3 Things you should know about FIRE

The dream of financial independence and early retirement has gained a lot of steam in recent months. But despite the popularity of the movement, there are some important points that need to be understood and which I would like to point out.

It’s easy – and it’s not

Frugal living, saving as much as possible, investing. The concept is simple and easy to understand, easy to copy. In theory. Putting in practice, there is a lot of sacrifice along the way and even after all the hard work, chances are that you won’t be living like a king, but will need to maintain a frugal mindset for the rest of your life.

Here is some overview on how to get started: Let’s say you purchase stocks or ETFs that will generate a yield of 5% annually after tax. You might do better. You might do worse. But from my investing experience so far it’s a pretty realistic expectation to have.

Let’s do the math then, which means that for every 1000 Euro invested, a 5% annual return will generate 50 Euros each year. Let’s put that in lines:

  • 1.000 Euros invested = 50 Euros / year
  • 10.000 Euros invested = 500 Euros / year
  • 100.000 Euros invested = 5.000 Euros / year
  • 200.000 Euros invested = 10.000 Euros / year
  • 500.000 Euros invested = 25.000 Euros / year
  • 1.000.000 Euros invested = 50.000 Euros / year

You can play around with the numbers, the %, and your saving targets, but I think this pretty much explains the whole challenge: You need to save and invest a lot to get to a point that you could seriously relax. And even if you get to the point that you have a Million Euros on your account, a return of 50.000 per year is hardly an amount to live on to consider oneself rich. Comfortable? Yes. Rich? No.

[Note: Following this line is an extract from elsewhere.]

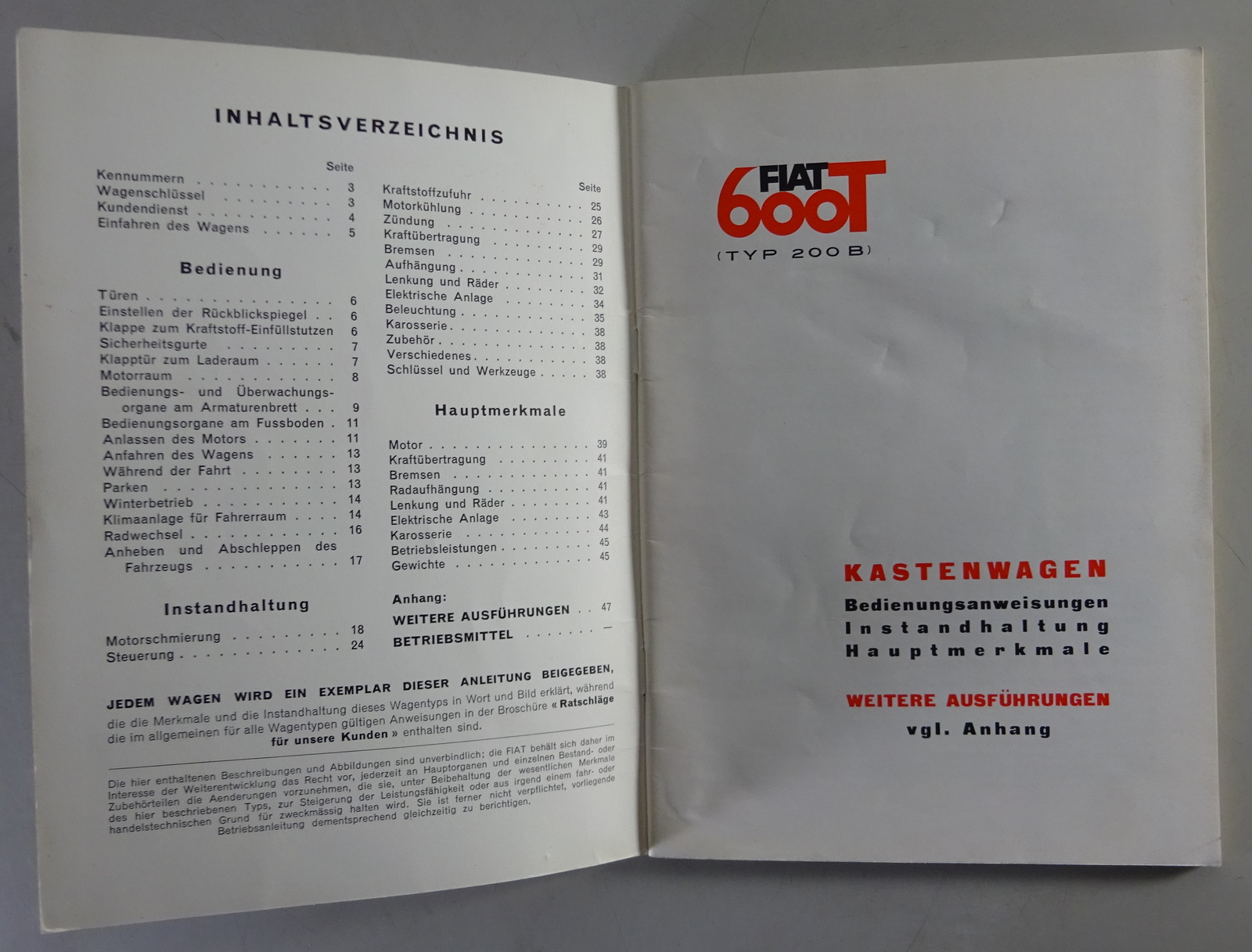 Betriebsanleitung / Handbuch Fiat 600 T Typ 200 B Stand 11/1965

If your target is really to completely retire early, not only would you need to save up a lot, but you would also need to maintain a frugal and simple lifestyle to make sure your income and your wealth don’t get drained too early on. The last thing you would want is to turn 70 and see how others retire on their hard-earned social security while you start to worry about your funds and income. Because if you retire at 35 or 40 and didn’t pay much into the system, then it would be blatantly wrong to expect the system to cover for you later on.

Most who achieve FIRE keep working

Given the staggering amount of money required to really and fully retire early, most people don’t go all the way. Because it’s too hard and it takes a too long time. BUT what many do is to turn to their passions and their actual idea of looking for a purpose once they reach a point of feeling secure enough to do so without going broke.

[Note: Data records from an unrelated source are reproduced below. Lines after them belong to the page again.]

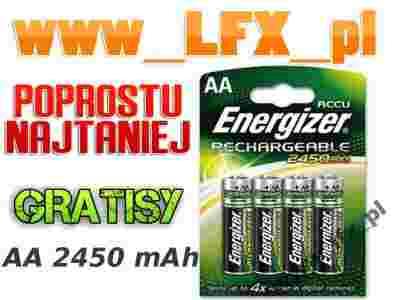 Akumulatorki Energizer HR 6 (komplet 4 sztuki), pojemność 2450 mAh - jedna z najwyższych dostępnych obecnie na rynku. Oczywiście o budowie Ni-MH, czyli ze zminimalizowanym efektem pamięci. Przyjazne dla środowiska. Idealne dla urządzeń o dużym zapotrzebowaniu na energię.
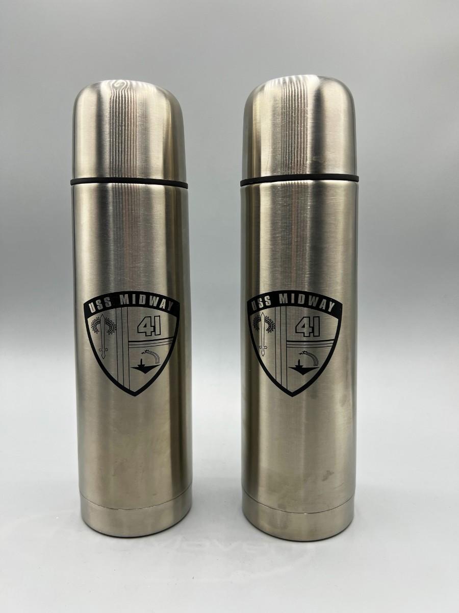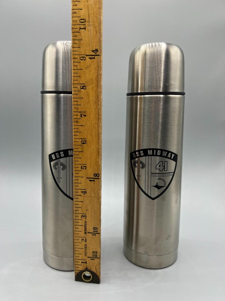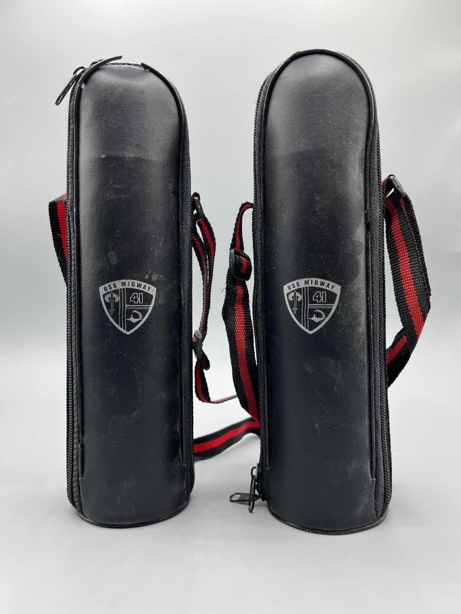Pair of USS Midway Commemorative Thin Metal Thermoses with Travel Bags
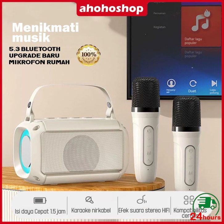 Speaker bluetooth 2Mic 1 set karaoke speaker ktv Cute Wireless Lucu Portabel Luar Ruangan Speaker Nirkabel
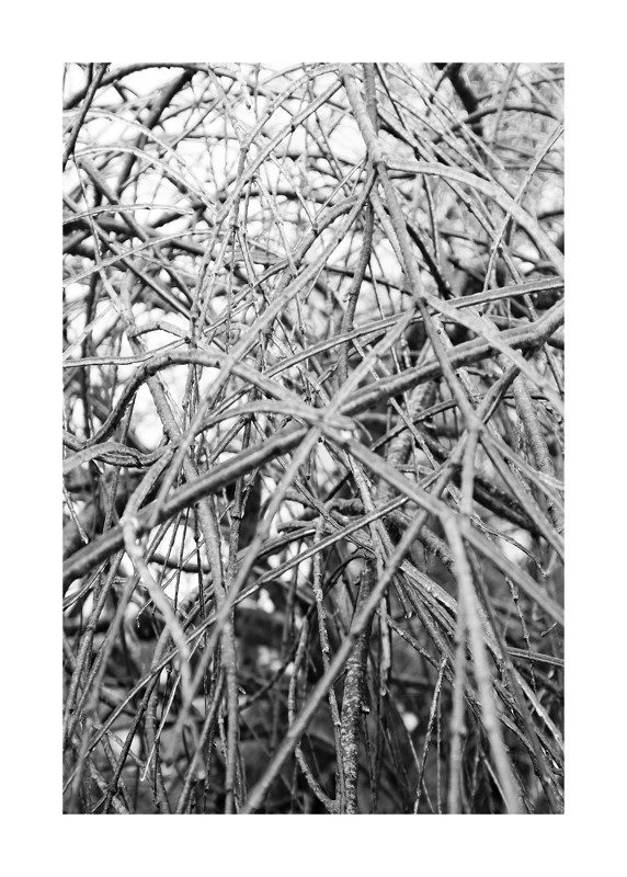 The beauty of winter is the quietness and softness a new snow fall brings. It forces us to slow down and be. This image is an original photograph taken after a covering of ice wrapped around all of nature trapping it inside. I hope you enjoy the graphic elements of the crisp blank and white lines the branch creates.
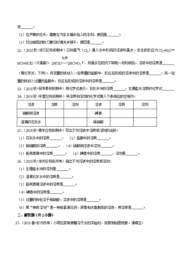 2019年中考九年级化学必刷题考点30 溶液(原卷版)

Say you have saved and invested 200.000 Euros and receive a 5% annual return after tax, 10.000 Euros a year. That’s not enough to retire. But living in the right place, it may be enough to pay your rent. Having “shelter” secured, you might not feel the pressure anymore to chase for a high paying job that would be required to protect you and your family. You could choose another profession or challenge that may suit your personal goals much better, and even if you would bring only another 25.000 Euros a year back home, that could be already enough for a decent living with the good feeling of doing something that you actually really appreciate.

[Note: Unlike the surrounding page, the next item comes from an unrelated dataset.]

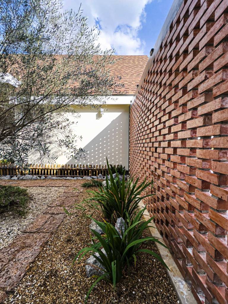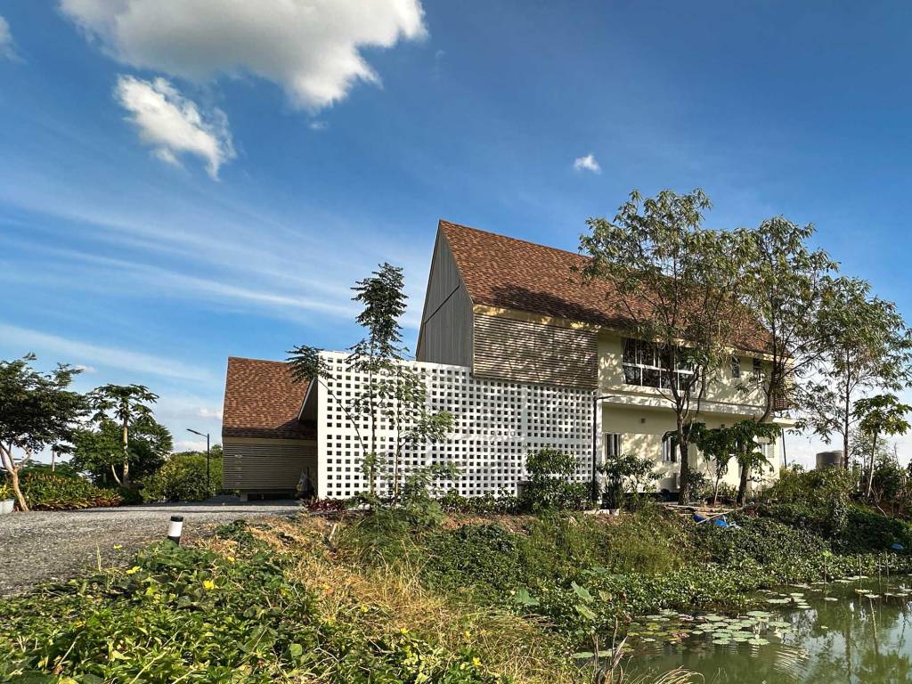 Situated midst a serene farm landscape, the house is oriented to maximize natural light and ventilation. The expansive ponds on the east and west sides add to the property’s idyllic charm. They also influence the house’s design. Latticework screens on the west facade mitigate the harsh afternoon sun and offer privacy, while allowing cooling breezes to circulate.
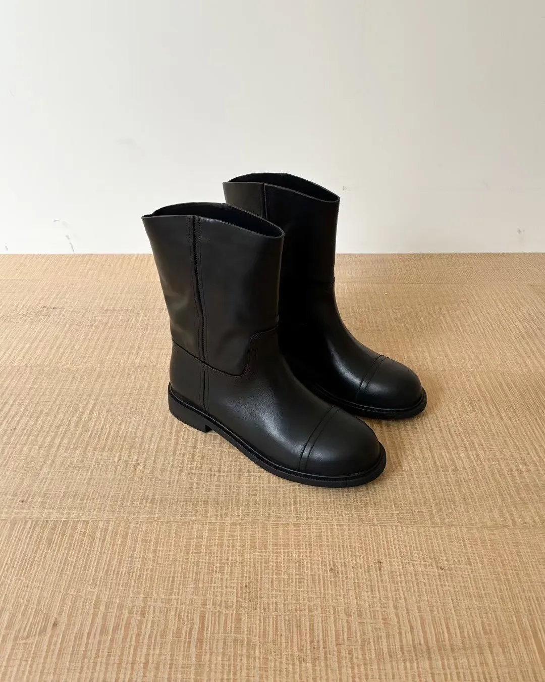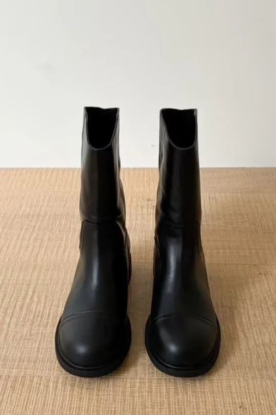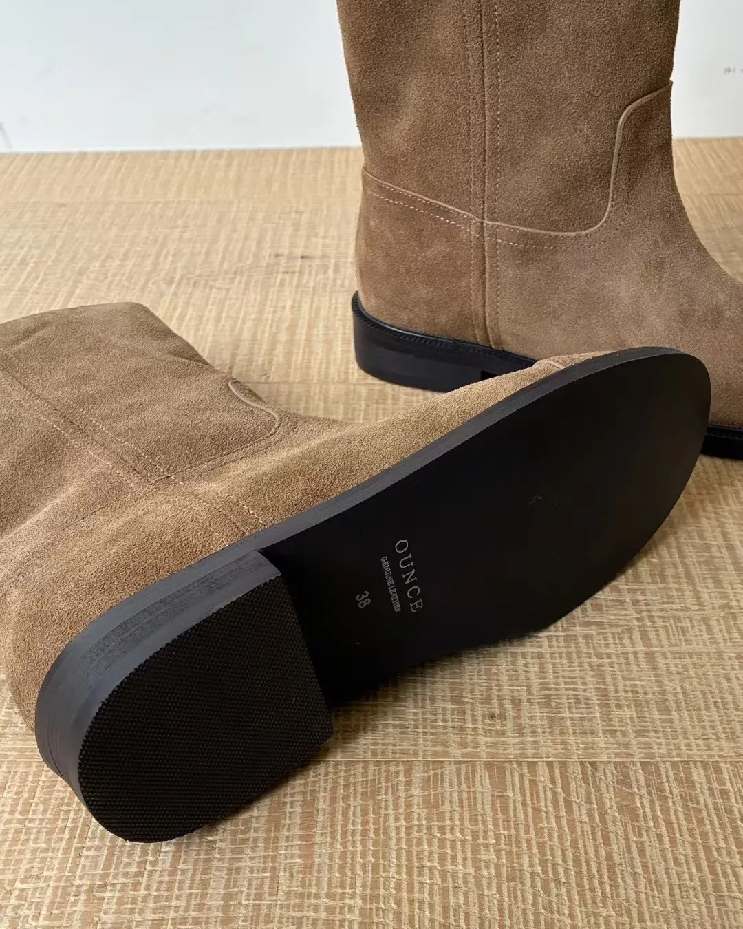 牛皮 鞋面一條橫線 跟高3公分 筒高19 筒圍一圈32

I am also not sure if the actual goal of a “real” retirement would fit with the character of any FIRE aspirant. Because to get to the point that you could actually retire on your savings and investments is really hard work. It requires dedication, patience, and real commitment. Something that you see mostly in career and goal-oriented personalities. Now they might not be always the corporate types, but considering how much work and effort they put into reaching their goal, it’s hard to imagine that they would be able to stay idle right after hitting their target. There are simply too many exciting and interesting things to do in the world to waste time on doing nothing.

It’s really about time and independence

In reality, investing and generating passive income, escaping the rat race… it’s a mind game. Because with every step along the way, with every additional income you create for yourself and with every day you get closer to become financially independent, you are reducing the burden on your shoulders. The burden and the responsibility to yourself, to your loved ones, to society.

Financial independence empowers you to make conscious and responsible decisions, without the seductive element of money attached to it. When you live frugally and have a minimalistic mindset, when you know that you have “enough” and don’t need to compromise your values, your convictions and your personal goals for profits and gains, then you can act true to yourself at all times.

You can also take the time to think things through. To consult with people who matter and you will have more opportunities to do “the right thing”, which more than often goes not well along with the profit and benefit-oriented thinking of many corporations and individuals out there.

I am not sure how many other people out there see it this way. For me, this should be the ultimate outcome. I intend to keep working until I die, but not in the traditional sense and not on other people’s terms. I don’t want to deal with CRAP any longer than necessary and this is why I follow the FIRE movement.

Having said all that one thing should also be very clear: Without those companies which are striving for profits, without all those people who prefer to have a regular working life and who actually appreciate going to an office every single day, FIRE wouldn’t be a thing at all. Otherwise, how would we expect a 5% annual return after tax on our investments?